WHAT IS REQUIRED: Where a record contains an image, leave the image out and print the rest exactly.

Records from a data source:

Segment Open

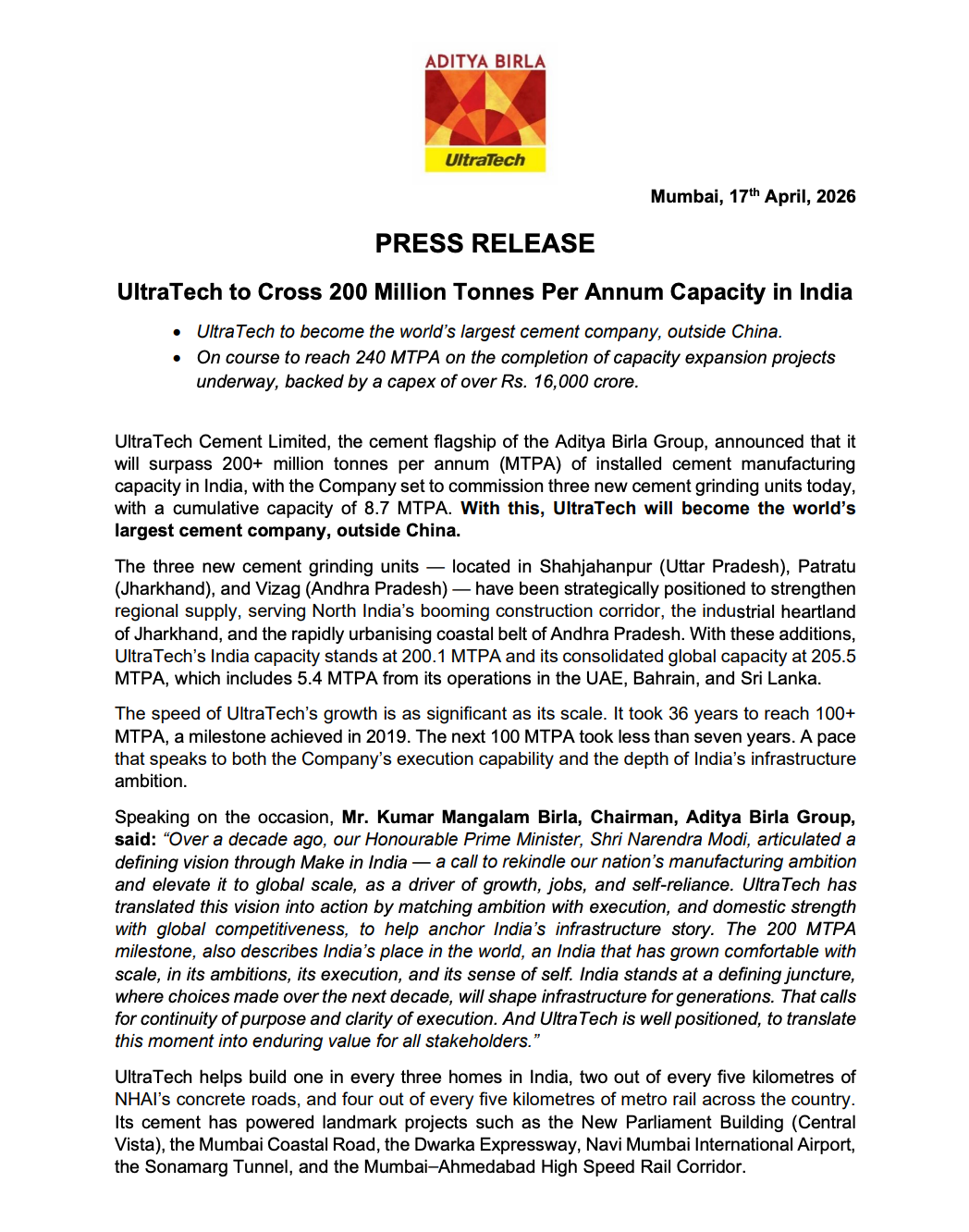 These additions increased the company’s India capacity to 200.1 MTPA and consolidated global capacity to 205.5 MTPA.
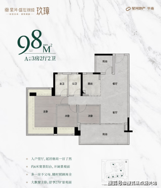 98㎡三房:主卧配备270°无柱飘窗,视野无遮挡;次卧与阳台尺度升级,实用率高达98%以上;
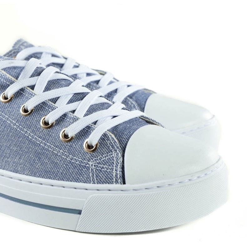 Um amor chamado tênis. Vai bem com produções casuais ou descoladas, simples ou sofisticadas, em qualquer ocasião. Definitivamente, não há nada mais versátil que um tênis como esse. Cor: Azul Jeans, Branco Material: Sintético Altura do Salto: 4 cm Tipo de Salto: Médio Tipo de Bico: Bico Arredondado Medidas: Tamanho 33: Circunferência 22,20cm - Comprimento 22,168cm - Largura 7,66cm Tamanho 34: Circunferência 22,25cm - Comprimento 22,834cm - Largura 7,83cm Tamanho 35: Circunferência 22,30cm - Comprimento 23,500cm - Largura 8,00cm Tamanho 36: Circunferência 22,35cm - Comprimento 24,166cm - Largura 8,17cm Tamanho 37: Circunferência 22,40cm - Comprimento 24,832cm - Largura 8,34cm Tamanho 38: Circunferência 22,45cm - Comprimento 25,498cm - Largura 8,51cm Tamanho 39: Circunferência 22,50cm - Comprimento 26,164cm - Largura 8,68cm Tamanho 40: Circunferência 22,55cm - Comprimento 26,830cm - Largura 8,85cm Tamanho 41: Circunferência 22,60cm - Comprimento 27,496cm - Largura 9,02cm Tamanho 42: Circunferência 22,65cm - Comprimento 28,162cm - Largura 9,19cm
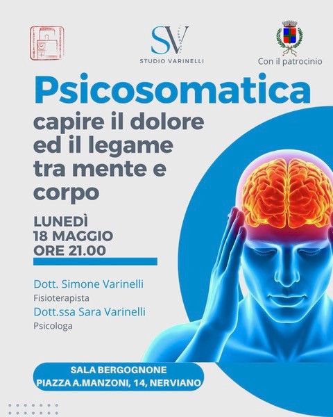 Quarto e ultimo appuntamento organizzato dall'associazione "Facciamo Quadrato", dedicato alla salute e al benessere di diverse fasce di età, dal titolo "Psicomatica - Capire il dolore ed il legame tra mente e corpo" che si svolgerà lunedì 18 maggio alle ore 21.00 presso la Sala Bergognone a Nerviano.
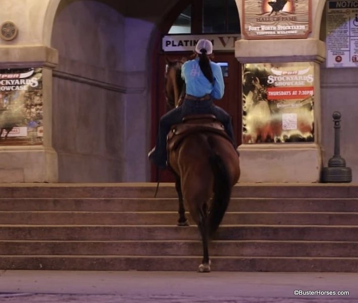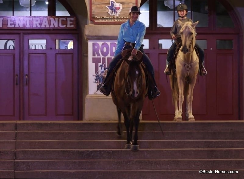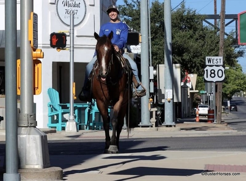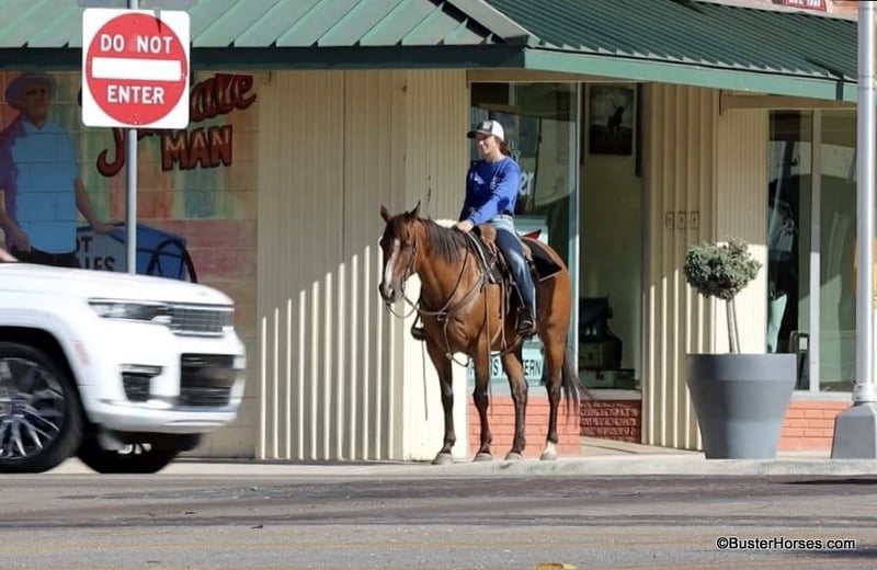 ONLINE AUCTION Place your bids at www.PlatinumEquineAuction.com Starting Bid $3500 Auction ends September 15th, 2024 Need a new saddle? Check out White Rock Saddles on our website or Facebook! Traffic is the perfect age and the perfect height at 15H and 11 years old. He has seen miles and miles and miles of country and knows how to put in a days work. This guy is the same day in and day out and doesn’t matter if you use him every day, once a week, or once a month – he knows his job and is solid and easy. He has a good working handle and nice neck rein, good stop, and he will walk out for miles and miles relaxed with his head down on a long loose rein. Traffic loves being loaded up anywhere you want to go! He would work for someone to get started in the roping pen or the playdays or the barrels, he has been roped on quite a bit in the pens and out in the pasture. Traffic loves going into town and is just about as relaxed as one could be around the road and crowded traffic areas. He has also been on many trail rides on all sorts of terrain. He is good minded and willing at anything you put in front of him. Loves getting in the water. He lives outside with a group of geldings and is always easy to catch, he leads and ties quietly, is easy to pick feet, groom, bathe, saddle and bridle, and he stands dead still for mount and dismount. He hops right on the trailer with no hesitation, hauls quietly, backs off slow and gentle, and ties to the side of the trailer anywhere. This is the solid all-around gelding we get tons of calls on. Call us anytime if you have any questions about Traffic. Traffic was just shod two weeks ago, and he had his teeth done by our equine dentist last week, at that time his ears were preemptively treated for ticks, his sheath was cleaned, and he was also power packed wormed. He is good to shoe, has great large dark feet and also goes well barefoot – if his new owner prefers him to be barefoot, we can have his shoes pulled and trim him prior to him heading to his new home. He will arrive at his new home up-to-date and ready to go to work! We are experienced, knowledgeable sellers, and we can help with quickly arranging affordable shipping to any buyer’s location – we have experience shipping worldwide – including regularly to Hawaii, Canada, Mexico, Europe, and South Africa. Check our website for buyer reviews, additional videos, pics, info, etc: https://busterhorses.com/RWS-Galo-Del-Trafico ONLINE AUCTION Place your bids at www.PlatinumEquineAuction.com Starting Bid $3500 Auction ends September 15th, 2024 Need a new saddle? Check out White Rock Saddles on our website or Facebook!
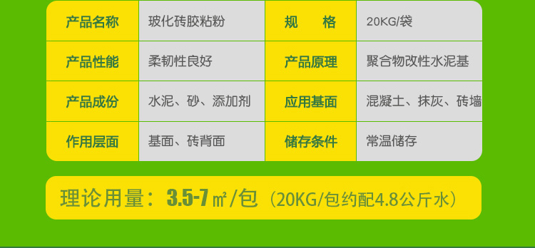 派力戈玻化砖胶粘粉是特别为玻化砖在室内外墙面的粘贴而设计,该产品具有粘结强度高,适用范围广,耐候性好的优点,并且无毒环保。
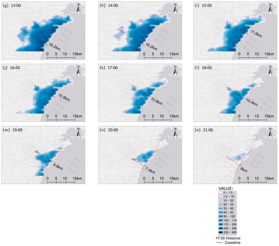 To quantify the inland advancement of sea breeze cooling, hourly measurements determined the maximum penetration distance from the coastline (Figure 11). This distance, representing the farthest extent of the cooling influence, was individually assessed according to the sea breeze cooling spatial distribution maps and coastal wind direction.
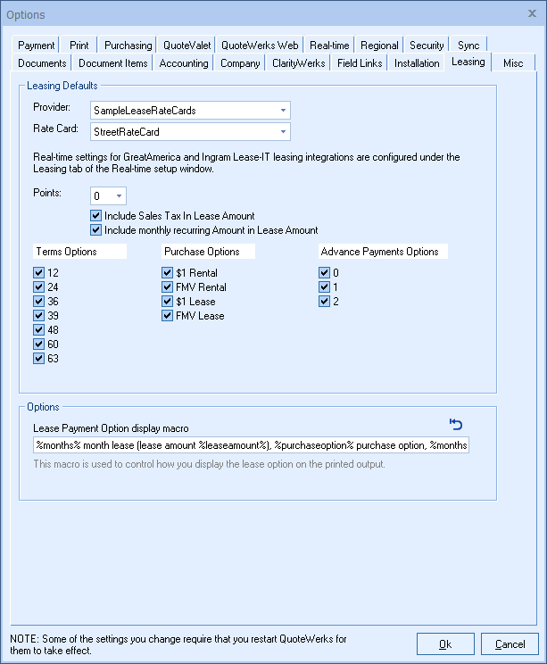 The Lease payment Option Display Macro enables users to modify the text that is used to display the lease payment options. By default it will display the lease amount, the purchase option(s), monthly payments, payment amount, advance payments. Users can adjust this text to fit their specific quotes. The
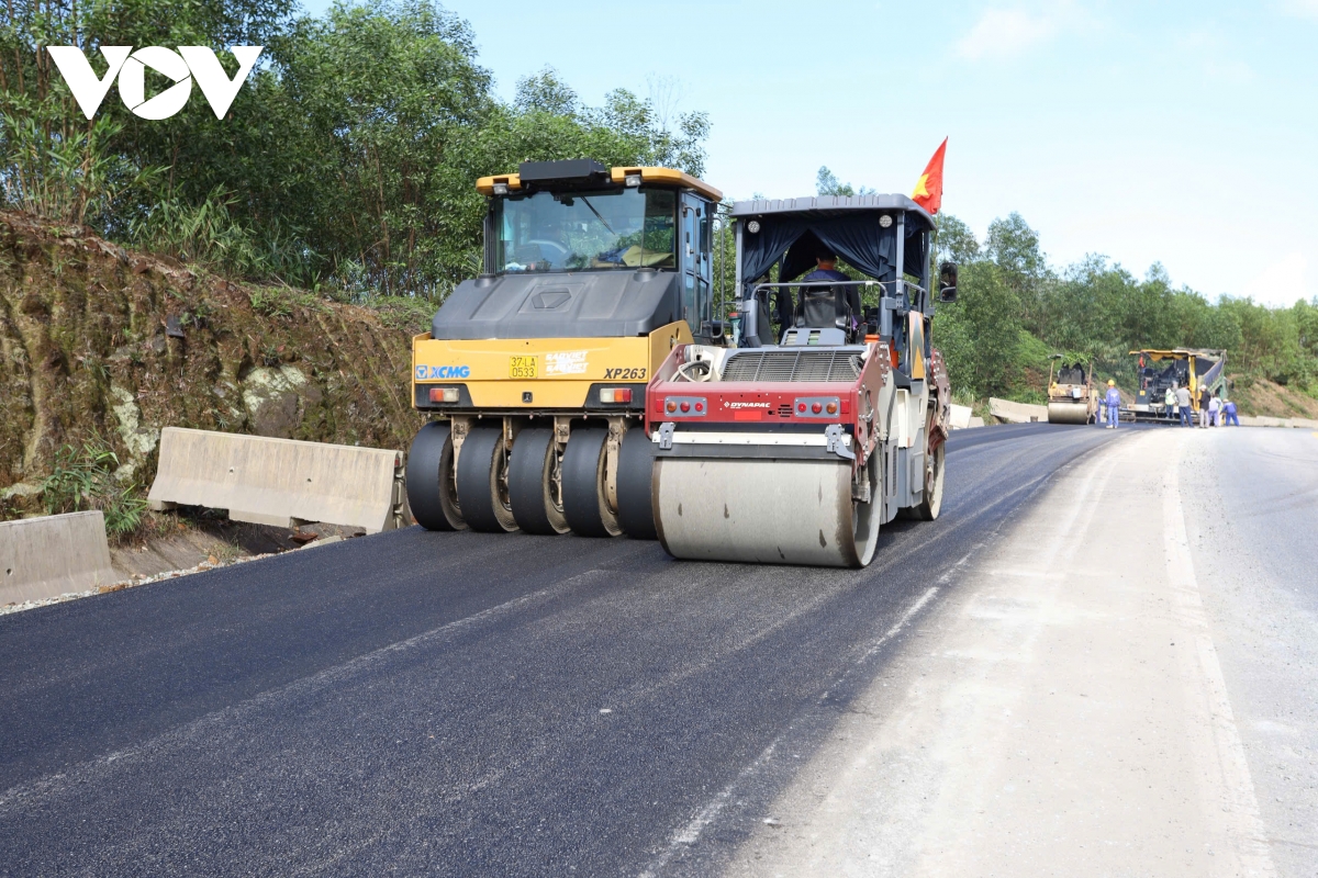Trong dịp Tết Dương lịch, đơn vị tiếp tục tăng tốc thảm nhựa các đoạn còn lại, phấn đấu hoàn thành toàn bộ phần thảm trước Tết Nguyên đán 2026.
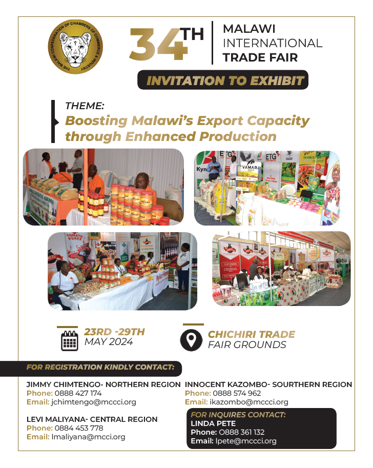 The Malawi Confederation of Chambers of Commerce and Industry has organized the 34th Edition of the International Trade Fair under the theme 'Boosting Malawi's Export Capacity through Enhanced Production'.

Segment Closed

RESPONSE:
 These additions increased the company’s India capacity to 200.1 MTPA and consolidated global capacity to 205.5 MTPA.
 98㎡三房:主卧配备270°无柱飘窗,视野无遮挡;次卧与阳台尺度升级,实用率高达98%以上;
 Um amor chamado tênis. Vai bem com produções casuais ou descoladas, simples ou sofisticadas, em qualquer ocasião. Definitivamente, não há nada mais versátil que um tênis como esse. Cor: Azul Jeans, Branco Material: Sintético Altura do Salto: 4 cm Tipo de Salto: Médio Tipo de Bico: Bico Arredondado Medidas: Tamanho 33: Circunferência 22,20cm - Comprimento 22,168cm - Largura 7,66cm Tamanho 34: Circunferência 22,25cm - Comprimento 22,834cm - Largura 7,83cm Tamanho 35: Circunferência 22,30cm - Comprimento 23,500cm - Largura 8,00cm Tamanho 36: Circunferência 22,35cm - Comprimento 24,166cm - Largura 8,17cm Tamanho 37: Circunferência 22,40cm - Comprimento 24,832cm - Largura 8,34cm Tamanho 38: Circunferência 22,45cm - Comprimento 25,498cm - Largura 8,51cm Tamanho 39: Circunferência 22,50cm - Comprimento 26,164cm - Largura 8,68cm Tamanho 40: Circunferência 22,55cm - Comprimento 26,830cm - Largura 8,85cm Tamanho 41: Circunferência 22,60cm - Comprimento 27,496cm - Largura 9,02cm Tamanho 42: Circunferência 22,65cm - Comprimento 28,162cm - Largura 9,19cm
 Quarto e ultimo appuntamento organizzato dall'associazione "Facciamo Quadrato", dedicato alla salute e al benessere di diverse fasce di età, dal titolo "Psicomatica - Capire il dolore ed il legame tra mente e corpo" che si svolgerà lunedì 18 maggio alle ore 21.00 presso la Sala Bergognone a Nerviano.
 ONLINE AUCTION Place your bids at www.PlatinumEquineAuction.com Starting Bid $3500 Auction ends September 15th, 2024 Need a new saddle? Check out White Rock Saddles on our website or Facebook! Traffic is the perfect age and the perfect height at 15H and 11 years old. He has seen miles and miles and miles of country and knows how to put in a days work. This guy is the same day in and day out and doesn’t matter if you use him every day, once a week, or once a month – he knows his job and is solid and easy. He has a good working handle and nice neck rein, good stop, and he will walk out for miles and miles relaxed with his head down on a long loose rein. Traffic loves being loaded up anywhere you want to go! He would work for someone to get started in the roping pen or the playdays or the barrels, he has been roped on quite a bit in the pens and out in the pasture. Traffic loves going into town and is just about as relaxed as one could be around the road and crowded traffic areas. He has also been on many trail rides on all sorts of terrain. He is good minded and willing at anything you put in front of him. Loves getting in the water. He lives outside with a group of geldings and is always easy to catch, he leads and ties quietly, is easy to pick feet, groom, bathe, saddle and bridle, and he stands dead still for mount and dismount. He hops right on the trailer with no hesitation, hauls quietly, backs off slow and gentle, and ties to the side of the trailer anywhere. This is the solid all-around gelding we get tons of calls on. Call us anytime if you have any questions about Traffic. Traffic was just shod two weeks ago, and he had his teeth done by our equine dentist last week, at that time his ears were preemptively treated for ticks, his sheath was cleaned, and he was also power packed wormed. He is good to shoe, has great large dark feet and also goes well barefoot – if his new owner prefers him to be barefoot, we can have his shoes pulled and trim him prior to him heading to his new home. He will arrive at his new home up-to-date and ready to go to work! We are experienced, knowledgeable sellers, and we can help with quickly arranging affordable shipping to any buyer’s location – we have experience shipping worldwide – including regularly to Hawaii, Canada, Mexico, Europe, and South Africa. Check our website for buyer reviews, additional videos, pics, info, etc: https://busterhorses.com/RWS-Galo-Del-Trafico ONLINE AUCTION Place your bids at www.PlatinumEquineAuction.com Starting Bid $3500 Auction ends September 15th, 2024 Need a new saddle? Check out White Rock Saddles on our website or Facebook!
 派力戈玻化砖胶粘粉是特别为玻化砖在室内外墙面的粘贴而设计,该产品具有粘结强度高,适用范围广,耐候性好的优点,并且无毒环保。
 To quantify the inland advancement of sea breeze cooling, hourly measurements determined the maximum penetration distance from the coastline (Figure 11). This distance, representing the farthest extent of the cooling influence, was individually assessed according to the sea breeze cooling spatial distribution maps and coastal wind direction.
 The Lease payment Option Display Macro enables users to modify the text that is used to display the lease payment options. By default it will display the lease amount, the purchase option(s), monthly payments, payment amount, advance payments. Users can adjust this text to fit their specific quotes. The
Trong dịp Tết Dương lịch, đơn vị tiếp tục tăng tốc thảm nhựa các đoạn còn lại, phấn đấu hoàn thành toàn bộ phần thảm trước Tết Nguyên đán 2026.
 The Malawi Confederation of Chambers of Commerce and Industry has organized the 34th Edition of the International Trade Fair under the theme 'Boosting Malawi's Export Capacity through Enhanced Production'.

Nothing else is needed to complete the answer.